Some use cases might require more than one Dremio user for the interaction with Dremio. For that purpose, additional Dremio users can be added.
In the navigator, select Dremio users under Settings to get an overview of all Dremio users created by an administrator of your Cumulocity IoT DataHub tenant.
The list of Dremio users with their corresponding properties is displayed. The context menu of each user provides actions to edit or delete a user.
If the initial configuration has not been completed yet, no users are shown. If the initial configuration has been completed, the list includes the Dremio API user configured in the initial configuration.
The username is a mandatory setting. It must be a unique value, that is, no other Dremio user has the same username. It consists of the tenant ID plus forward slash and a string with a minimum length of three, starting with a character, and consisting of numbers, characters, dash, or underline. For example, the username may be t47110815/myUser
.
The first name, last name, and email of a Dremio user are optional settings.
During the initial configuration of Cumulocity IoT DataHub, a so-called source in Dremio is created, which connects Dremio with the data lake. Additionally, a so-called space is created in Dremio, in which Dremio artifacts like views can be organized.
The Dremio user can be assigned additional permissions for the data lake source and the space. If the user has the permission for the data lake source assigned, the user can manage grants on that source for other users as well. The same applies to the space permission. Data lake permission and space permission are independent of each other; the setting of one permission does not affect the setting of the other.
Having the corresponding permission assigned, the user can grant other Dremio users, which do not necessarily relate to Cumulocity IoT DataHub, different permissions on the data lake source or the space, for example, for reading data from the data lake or creating a table in the data lake.
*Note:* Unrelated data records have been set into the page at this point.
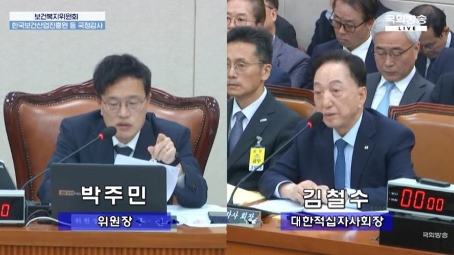 박주민 국회 보건복지위원장. 김철수 대한적십자사 회장. 사진=국회방송 중계영상 갈무리
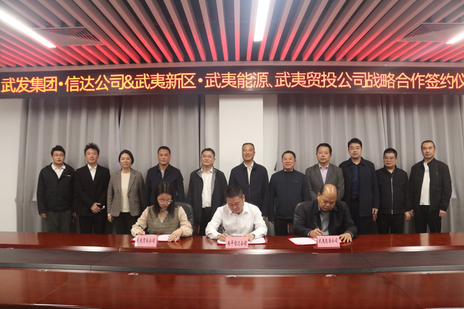 11月14日,集团所属南平信达供应链有限公司与南平武夷高新能源供应有限公司、南平市武夷新区贸易投资有限公司签署战略合作协议。武夷新区管委会领导郭冠中、王晓,武夷发展集团领导江训强、张捷、周隆武、金国平及武夷高新技术产业控股集团、武夷新区城市发展集团、信达供应链公司相关负责人参加签约。
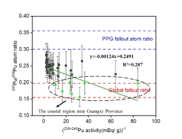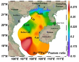 团队分析了北部湾表层沉积物中的钚同位素,研究了北部湾钚同位素的空间分布和来源。表层沉积物中的239+240Pu活度为0.012-0.451 mBq/g(平均值:0.171 ± 0.138 mBq/ g,n = 36),在南湾口呈现出逆时针方向下降趋势,趋势与北部湾的洋流相似。表层沉积物中240Pu/239Pu原子比为0.156-0.283(平均值:0.236±0.031,n=36),略高于全球沉降值0.18。这表明北部湾的钚来源受到了太平洋试验场(PPG)的影响,利用双端元模型计算出,PPG衍生的Pu的平均贡献估计为52%±24%。该研究首次揭示了PPG衍生的Pu的运输路径,在北部湾沿岸核电厂快速发展的背景下,为未来核电厂运行环境风险评估提供了基础数据。

For example, IoT data has been offloaded to the data lake using Cumulocity IoT DataHub. A data scientist from a different business unit now wants to access the data lake contents. A Dremio account needs to be created for the data scientist. Then, a Dremio user created by Cumulocity IoT DataHub, having the data lake permission, grants read access on the data lake source to the Dremio account of the data scientist.
For each user, including the Dremio API user, the manage grants
permissions on data lake and space are initially not set.
The password must have at least 8 characters with at least one letter and one number.
To add a Dremio user, select Dremio users under Settings and click Add user at the right of the top menu bar. In the editor, provide the corresponding Dremio user properties.
Click Save to save the settings and create the new user. Click Cancel to cancel the creation of the user.
The Dremio user section under Settings displays the list of users. For each user, there is a context menu on the right side. Select Edit from that menu to edit a user. Except for the username, all settings can be changed. The password can also optionally be changed by clicking Change password. Click Save to apply the new settings.
In the context menu of the Dremio user list, select Delete and click Confirm in the subsequent confirmation dialog to delete a Dremio user. The Dremio API user defined in the initial configuration cannot be deleted that way. This user can only be deleted if the settings under Initial configuration are deleted. In the latter case, all Dremio users associated with this Cumulocity IoT DataHub instance are deleted.